Kashdan’s research found that stress tolerance was significantly correlated with well-being, indicating that people who can cope with anxiety in novel situations tend to experience greater happiness and life satisfaction. The ability to stay curious even when the territory is uncomfortable is what separates the person who skims a Wikipedia article from the person who spends two hours following its footnotes.
6. You are driven by intrinsic rather than extrinsic motivation
The hallmark of the 2am rabbit hole is that there is no external payoff. Nobody is grading you. Nobody is paying you. Nobody even knows you are doing it. The motivation is entirely internal: you want to know because you want to know.
Research on the neuroscience of intrinsic motivation has found that intrinsic motivation, the spontaneous tendency to be curious and interested and to seek out challenges, predicts enhanced learning, performance, creativity, optimal development, and psychological wellness.

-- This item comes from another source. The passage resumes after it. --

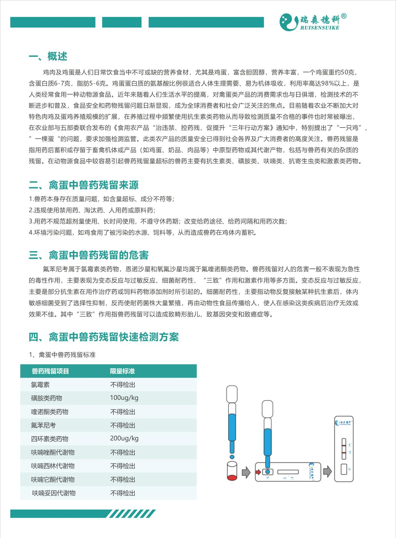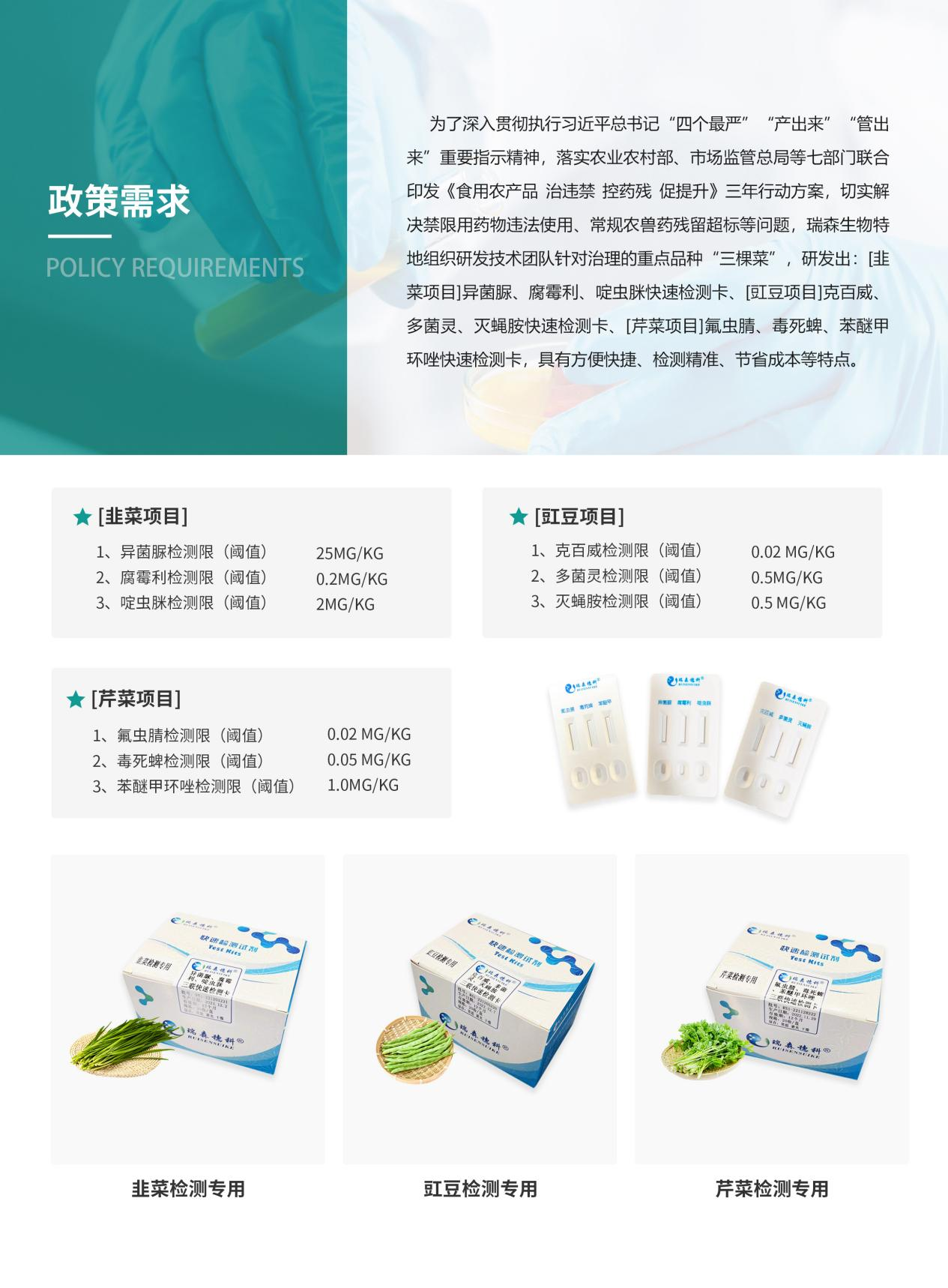 瑞森生物認真學習和貫徹農(nóng)業(yè)農(nóng)村部2023年全國農(nóng)產(chǎn)品質(zhì)量安全監(jiān)管工作會議精神,積極擁護和響應《中華人民共和國食品安全法》。早在2021年國家農(nóng)業(yè)農(nóng)村部發(fā)布了《食用農(nóng)產(chǎn)品“治違禁 控藥殘 促提升”三年行動方案》的通知后,瑞森生物就積極擁護和響應文件精神,并針對《方案》中提到的需要重點治理的11種農(nóng)產(chǎn)品:“三棵菜”、“一枚蛋”、“一只雞”、”肉牛肉羊“、“四條魚”,推出了相關(guān)的新品應對方案,包括”農(nóng)藥殘留膠體金多聯(lián)檢測產(chǎn)品系列“、”禽蛋藥殘專項檢測解決方案“、”熒光定量快速檢測產(chǎn)品“等相關(guān)技術(shù)領先的新型檢測產(chǎn)品。有效解決了國家食用農(nóng)產(chǎn)品存在的安全隱患問題,充分保障了老百姓”菜籃子“上的安全。

When people engage in an activity because they find it inherently interesting rather than because of some external reward, the quality of their engagement is fundamentally different. They process information more deeply, remember it longer, and connect it more creatively to other things they know.
Your 2am research session is not a failure of self-discipline. It is an expression of one of the most powerful motivational states psychology has identified.
7. You find that curiosity feeds your sense of meaning
A large collaborative study on curiosity and information demand found that the personality traits most strongly associated with information seeking included not just core curiosity facets but also need for cognition, thrill seeking, and stress tolerance. But beyond the cognitive dimensions, research by Kashdan and colleagues on curiosity and well-being has consistently found that on days when people report being more curious, they also report greater presence of meaning, greater life satisfaction, and more frequent growth-oriented behaviors.
This is the finding that matters most for the person reading this at 2am wondering if they should put their phone down. Curiosity is not just a cognitive trait. It is a pathway to meaning. The act of exploring, of following a question wherever it leads, of caring about something for no reason other than the fact that it is interesting, is one of the most reliable predictors of a life that feels rich and purposeful.
You are not wasting time when you fall down a rabbit hole. You are doing something your brain was designed to do. You are exercising the exact cognitive muscles that research links to creativity, happiness, meaning, and psychological flexibility.
The bottom line
If you are the kind of person who knows a little bit about a lot of things that serve no practical purpose, who cannot hear an interesting question without needing to know the answer, who treats the internet as an all-you-can-eat buffet of information, you are not scattered or unfocused or wasting your potential.
You are experiencing joyous exploration and deprivation sensitivity simultaneously. You have a high need for cognition and above-average openness to experience. You can tolerate the stress of encountering the unknown. You are intrinsically motivated. And your curiosity is feeding a sense of meaning that most people are desperately trying to find through far less effective means.
The research is clear. Genuinely curious people are not just more knowledgeable. They are happier, more creative, more resilient, and more satisfied with their lives. The 2am rabbit hole is not a problem to be solved. It is a feature of a mind that is working exactly the way it should.